> **Available data**:
■ ■ ■ ■ ■

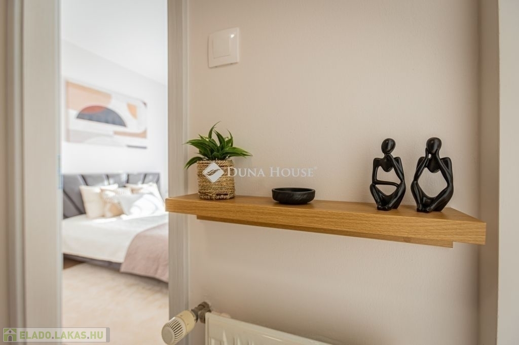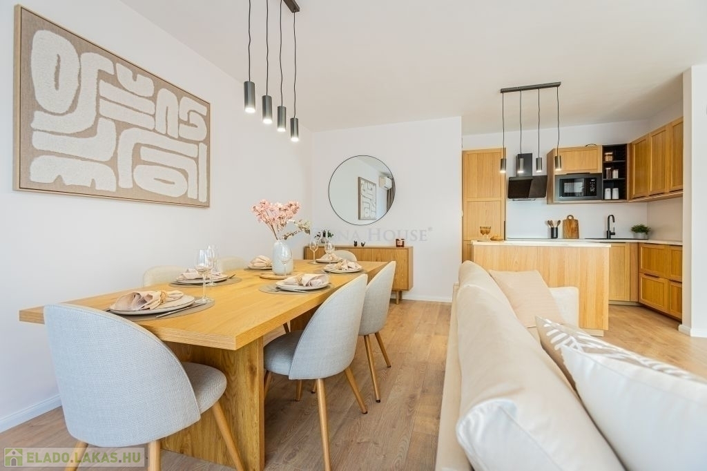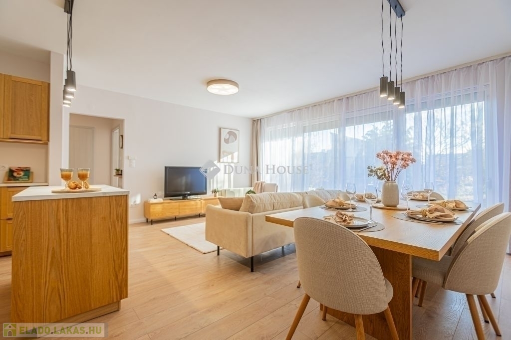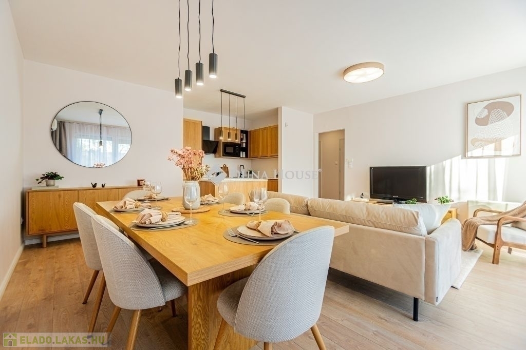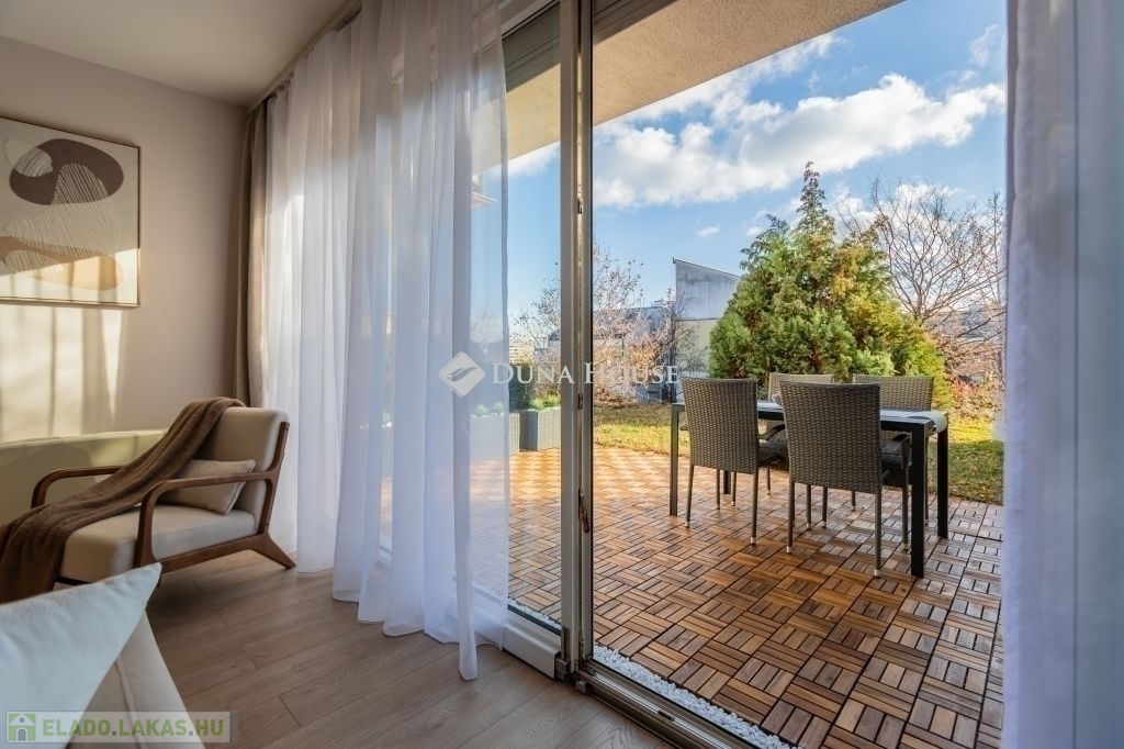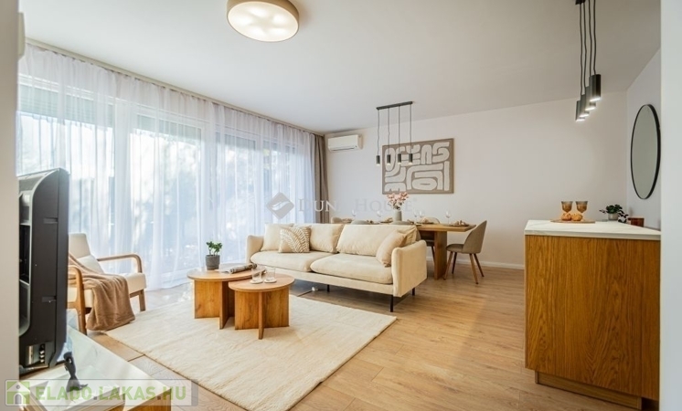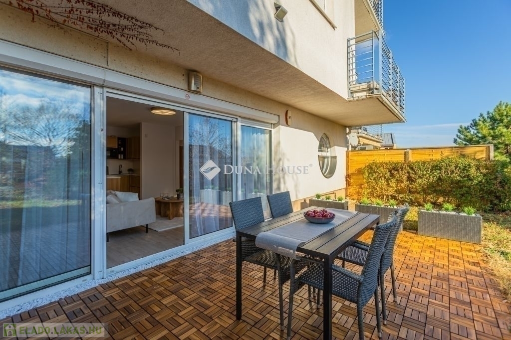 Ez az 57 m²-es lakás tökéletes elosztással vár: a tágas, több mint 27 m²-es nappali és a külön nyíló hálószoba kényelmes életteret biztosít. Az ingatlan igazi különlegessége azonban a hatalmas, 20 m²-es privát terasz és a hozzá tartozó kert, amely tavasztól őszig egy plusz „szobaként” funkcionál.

■ ■ ■ ■ ■

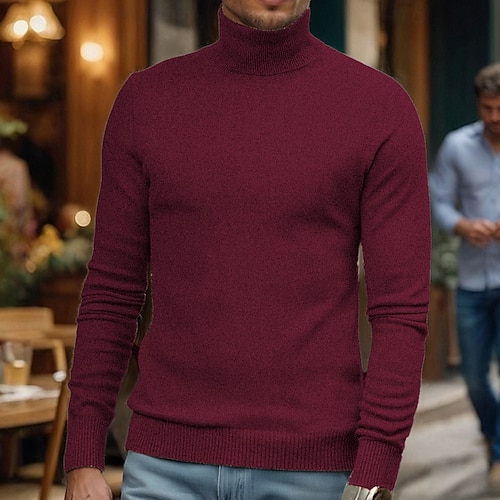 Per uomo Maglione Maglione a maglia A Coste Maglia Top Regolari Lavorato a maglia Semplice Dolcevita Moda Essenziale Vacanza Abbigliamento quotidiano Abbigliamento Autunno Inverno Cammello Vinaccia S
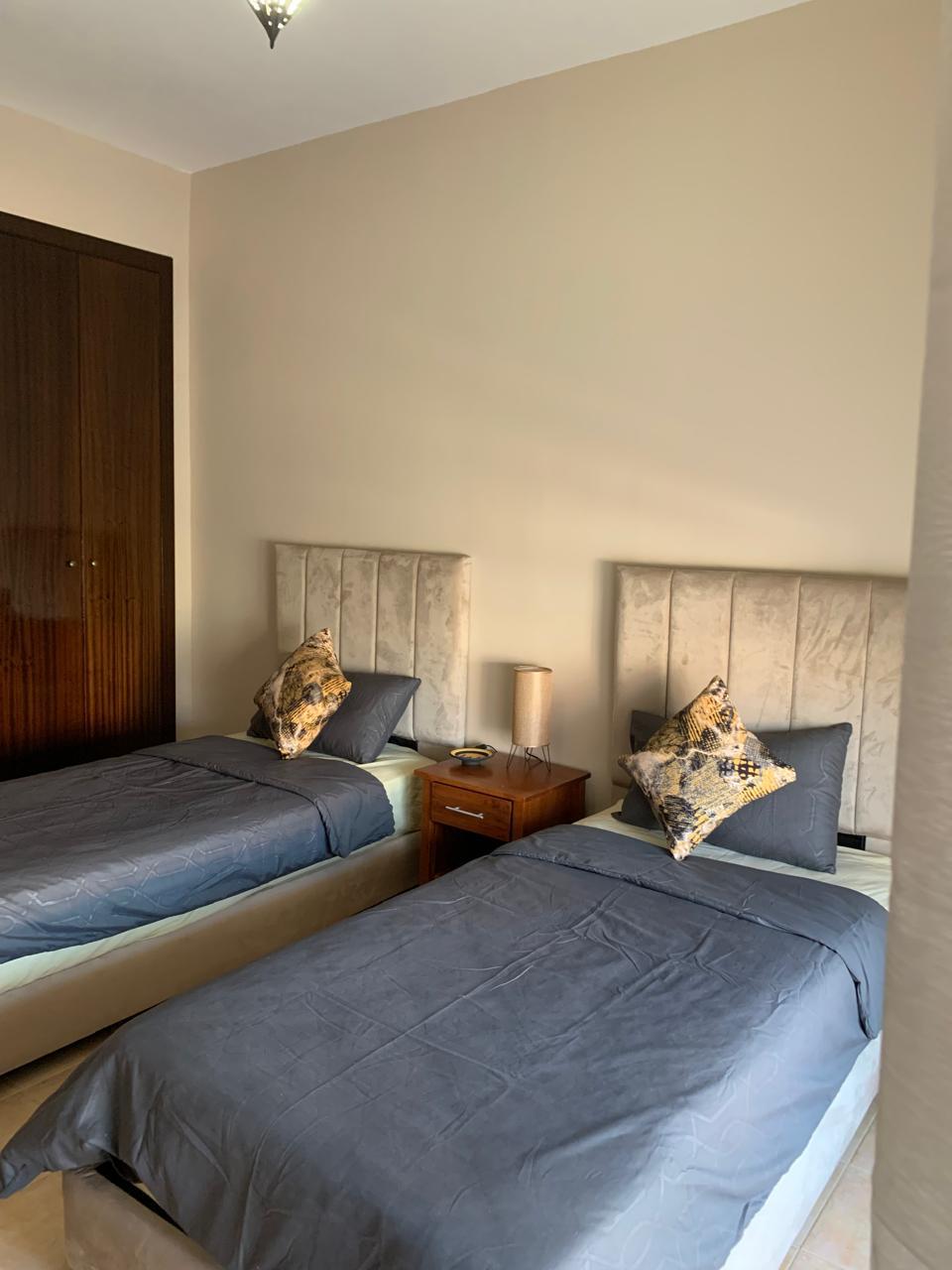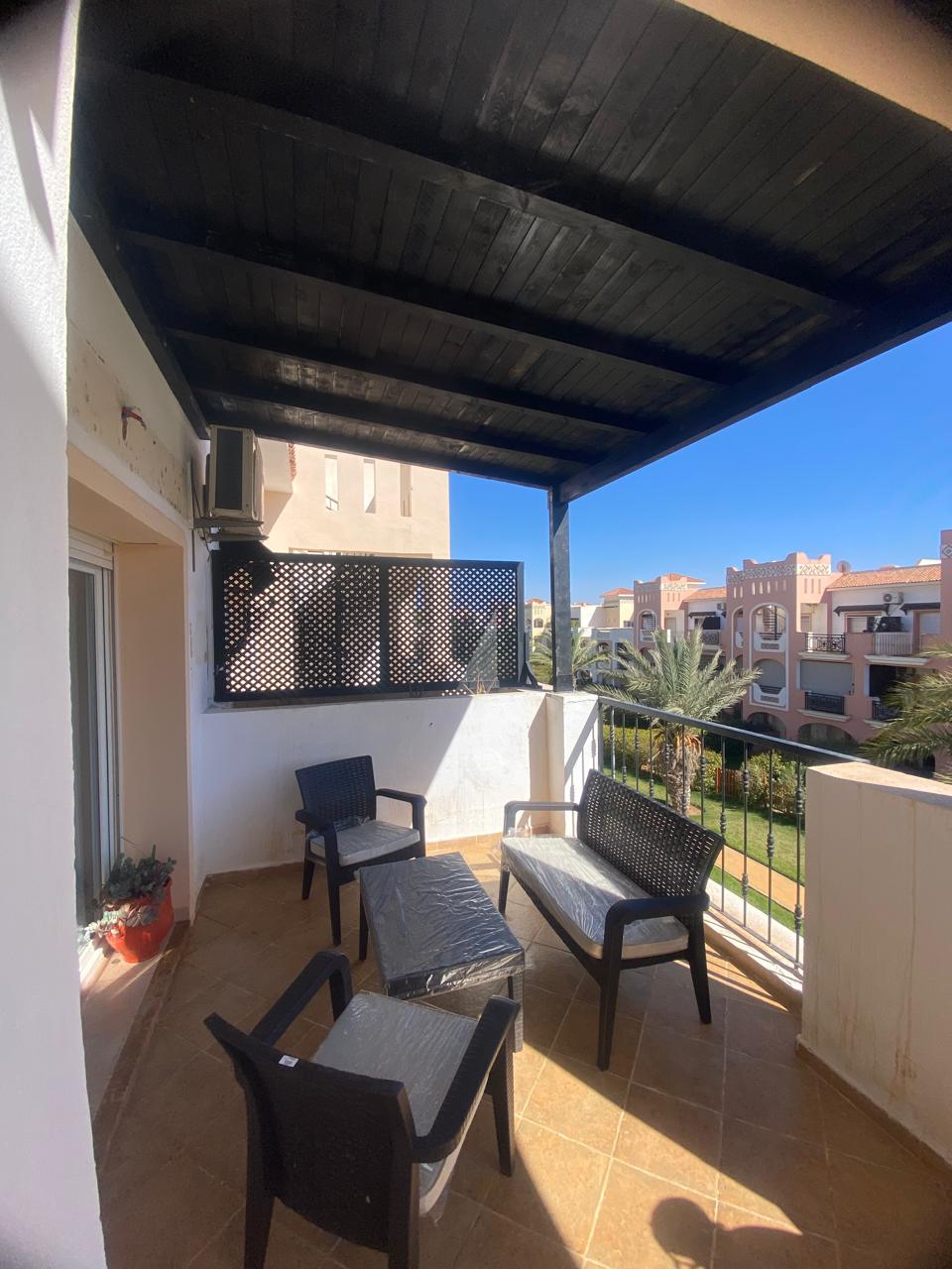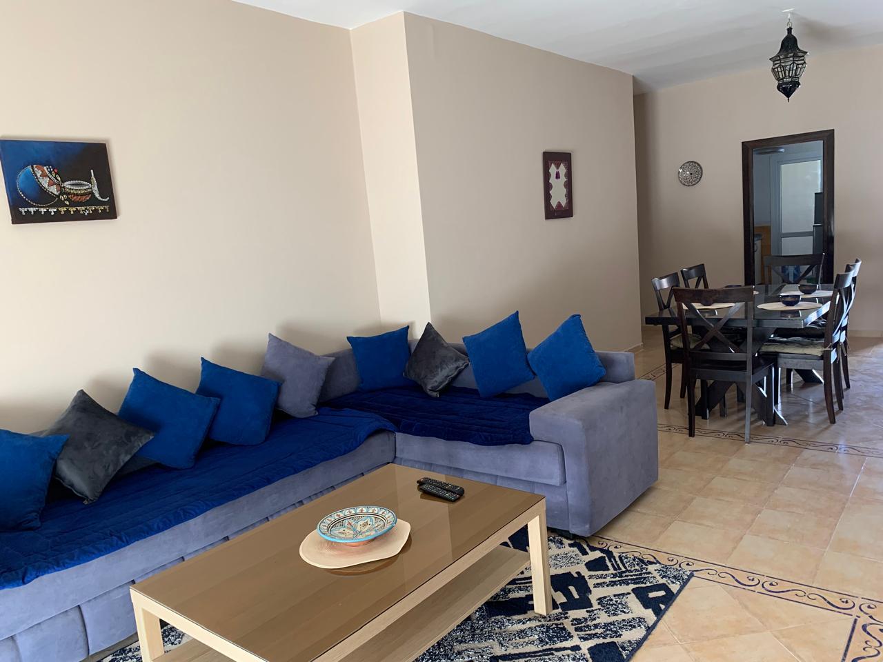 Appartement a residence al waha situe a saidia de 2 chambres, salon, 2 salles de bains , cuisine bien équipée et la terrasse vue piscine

■ ■ ■ ■ ■

> **Task to carry out**:
Lines wanted from the entries above: the one with "Per uomo Maglione", the one with "Appartement a residence", and all lines between. Please copy them exactly, without the pictures and without anything else.

> **Response below**:
 Per uomo Maglione Maglione a maglia A Coste Maglia Top Regolari Lavorato a maglia Semplice Dolcevita Moda Essenziale Vacanza Abbigliamento quotidiano Abbigliamento Autunno Inverno Cammello Vinaccia S
 Appartement a residence al waha situe a saidia de 2 chambres, salon, 2 salles de bains , cuisine bien équipée et la terrasse vue piscine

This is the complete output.